Realistic timeline and budget in 2026
How much time and money do you really need to invest in a small-business one-page website? Here's the honest range, without agency marketing.
How to build a one-page website: timelines and budgets
| Option | Timeline | Budget | Limits |
|---|---|---|---|
| DIY builder (Wix, Squarespace) | 4 to 9h | £100–£240/year | Limited branding and SEO |
| Notion / Carrd template | 2 to 4h | £40–£130/year | No integrated calendar |
| Freelance Webflow / WordPress | 1 to 3 weeks | £700–£2,200 | No Google reviews or WhatsApp included |
| Local agency | 3 to 6 weeks | £1,500–£4,000 | High timeline and budget vs simplicity |
| Reepli bundled site | 2 to 4h (assisted) | Included in £79/month | Tied to the WhatsApp subscription |
Estimates based on a panel of 50 UK and French small businesses, 2025-2026.
For 80% of small businesses, the trade-off is between DIY builder (fast, but limited SEO) and integrated WhatsApp + site solution (clear flat plan, optimised conversion). The agency route only pays off for very specific needs. To go deeper: our all-inclusive business website comparison covers each option.
5 mistakes that kill a one-page website
- Trying to say everything. The format forces concision. If you have 12 services, pick the top 3 for the one-pager.
- Forgetting mobile-first. 70% of local small business traffic comes from smartphones. Test on a 5-inch screen before publishing.
- Not making WhatsApp a sticky button. It's the #1 conversion channel for a small business site in 2026.
- No LocalBusiness schema. Without structured markup, Google struggles to understand you're a local business.
- Ignoring load speed. A one-pager over 3 seconds loses 53% of mobile visitors (Google 2024).
With Reepli: a bundled one-page site + WhatsApp assistant
Reepli.ai offers small businesses without time or budget for a bespoke site a localised, all-in-one one-page website, included in the £79/month plan. Concretely:
- One-page site generated in 2 to 4 hours from your brief, optimised for your city and trade.

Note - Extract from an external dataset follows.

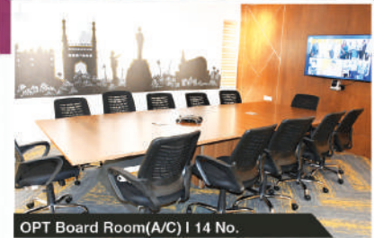
OPT Board Room(A/C) | 14 No.

- Native sticky WhatsApp button connected to the AI assistant — every message gets a reply in under 5 seconds.
- Integrated calendar in the contact section — your customers book without leaving the site.
- Schema.org LocalBusiness + Google Business Profile linked automatically.

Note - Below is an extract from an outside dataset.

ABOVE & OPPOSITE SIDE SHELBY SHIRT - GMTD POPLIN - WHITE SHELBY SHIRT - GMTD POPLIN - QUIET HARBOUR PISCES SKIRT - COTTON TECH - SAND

- Automated Google review requests after every honoured appointment.
To go further, read our tradesperson website guide and the Wix vs Reepli comparison which details the differences for a local business. If you're looking for an appointment tool tied to the site, also check our WhatsApp appointment confirmation method.
5-step plan to launch in 1 week
- Day 1: list your 3 main services, coverage area, last 3 customer reviews.
- Day 2: take or commission the 4 to 6 key photos (you, your place, your work).
- Day 3: pick your tool (DIY builder, freelancer or integrated solution).
- Day 4-5: build the site using the 6-section structure above.
- Day 6: link the site to your Google Business Profile + enable the WhatsApp button.
- Day 7: launch by asking 5 people to check it on mobile and measure load speed via PageSpeed Insights.
A well-built small-business one-page website is one of the best local visibility investments in 2026 — fast to set up, low cost, and structurally aligned with mobile-first customer behaviour. The trap isn't the format itself, it's rushing: take 4 to 9 hours to do it properly, and it'll convert for 3 years.